Bagão Félix: “Nos bons tempos deve-se encontrar as soluções para os maus”
O ex-ministro das Finanças alerta que Portugal se deve preparar para os maus tempos económicos, destacando a redução da dívida. Para Guilherme de Oliveira Martins a dívida pública tem de ser limitada
“Finalmente assumiu-se que a grande questão financeira é a da dívida e não a do défice”. A frase é de Bagão Félix, ex-ministro das Finanças, que, a par de Guilherme d’Oliveira Martins, está ser ouvido esta terça-feira no grupo de trabalho sobre o endividamento público e externo do Parlamento. Bagão aconselha Portugal a preparar-se para os “maus tempos” económicos. Guilherme d’Oliveira Martins quer que a dívida pública seja “objeto de limitação”.
Na sua intervenção inicial, Bagão Félix recordou que “raramente se falava na dívida” nas reuniões dos ministros das Finanças da União Europeia a que assistiu, onde se colocava a tónica no défice — uma estratégia de que discorda. “O défice é uma fotografia, a dívida é um filme”, apontou, elogiando a mudança de prioridade para a dívida. Para o ex-ministro das Finanças esta é a questão é essencial porque pode colocar em causa a equidade geracional ao “impor-se às futuras gerações uma fortíssimo constrangimento”.
É também esta a preocupação de Guilherme d’Oliveira Martins que destaca as operações de risco do Estado, as quais devem ser evitadas. “Com os meios públicos não deve haver riscos“, afirmou o ex-presidente do Tribunal das Contas, recordando o caso dos swaps. Para o ex-ministro das Finanças, o país “não deve fazer operações de risco e garantir que haja um controlo deste tipo de operações”.
"O défice é uma fotografia, a dívida é um filme.”
Ambos concordam num ponto: é preciso cumprir a regra de ouro das finanças públicas — “o endividamento só deve acontecer em situações de investimento reprodutivo“, sintetiza Bagão Félix, algo que nem sempre aconteceu no passado do país. Para Guilherme d’Oliveira Martins “não deve haver endividamento se não for para despesas de investimento”. Mas, acima de tudo, ambos priorizam a criação de condições de sustentabilidade para não existir mais dívida no futuro.

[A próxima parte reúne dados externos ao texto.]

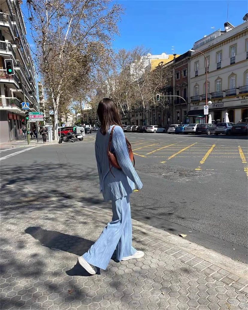 この上下セットは、爽やかなストレートパンツと長袖シャツのツーピーストップスが組み合わさっており、シンプルながらも個性的なスタイルを演出します。施されたギャザーのディテールが大人可愛い印象を与え、リラックスした雰囲気の中にもセクシーさと色気を与えます。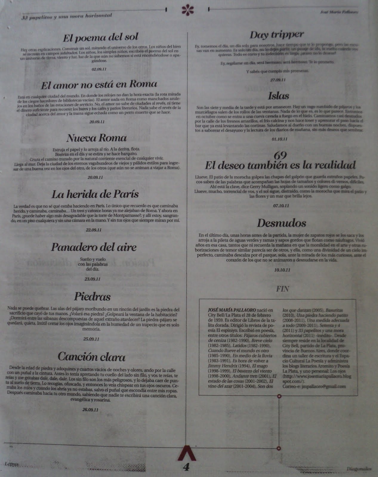 El libro “33 papelitos y una mora horizontal” se publicó en el suplemento Letras, nº 12, del diario Diagonales de La Plata, el sábado 26 de noviembre de 2011.

Qual é a solução para reduzir a dívida pública? Além da redução do défice e o aumento dos excedentes orçamentais, os ex-ministros das Finanças argumentam que é preciso aliar o crescimento económico com a redução da dívida bruta, de forma a baixar o rácio.
Neste momento o BCE só por si não vai resolver a próxima crise.
Para Bagão Félix deve-se agir já uma vez que é “nos bons tempos que se deve encontrar as soluções para os maus tempos”. Uma ideia também elaborada por Guilherme d’Oliveira Martins: “O quantitative easing está a chegar ao fim da sua eficácia e é por isso que neste momento o BCE só por si não vai resolver a próxima crise”, avisa, assinalando que “se quisermos antecipar na nova crise temos de apostar no elemento E da União Económica e Monetária”.
Uma das preocupações do ex-ministro é a dependência da dívida nas mãos de não-residentes, o que aumenta a dívida externa do país. Além disso, avisa que há “um completo desincentivo à poupança, ideia que está muito desvalorizada”, destacando a necessidade de não se consumir mais do que se produz.
Não deve haver endividamento se não for para despesas de investimento.
“É indispensável numa conjuntura como a atual articular o aumento do PIB e o ritmo da amortização“, defende Guilherme d’Oliveira Martins, dando o exemplo do Canadá que, na década de 1990, conseguiu reduzir “drasticamente” a sua dívida pública conjugando estes dois fatores.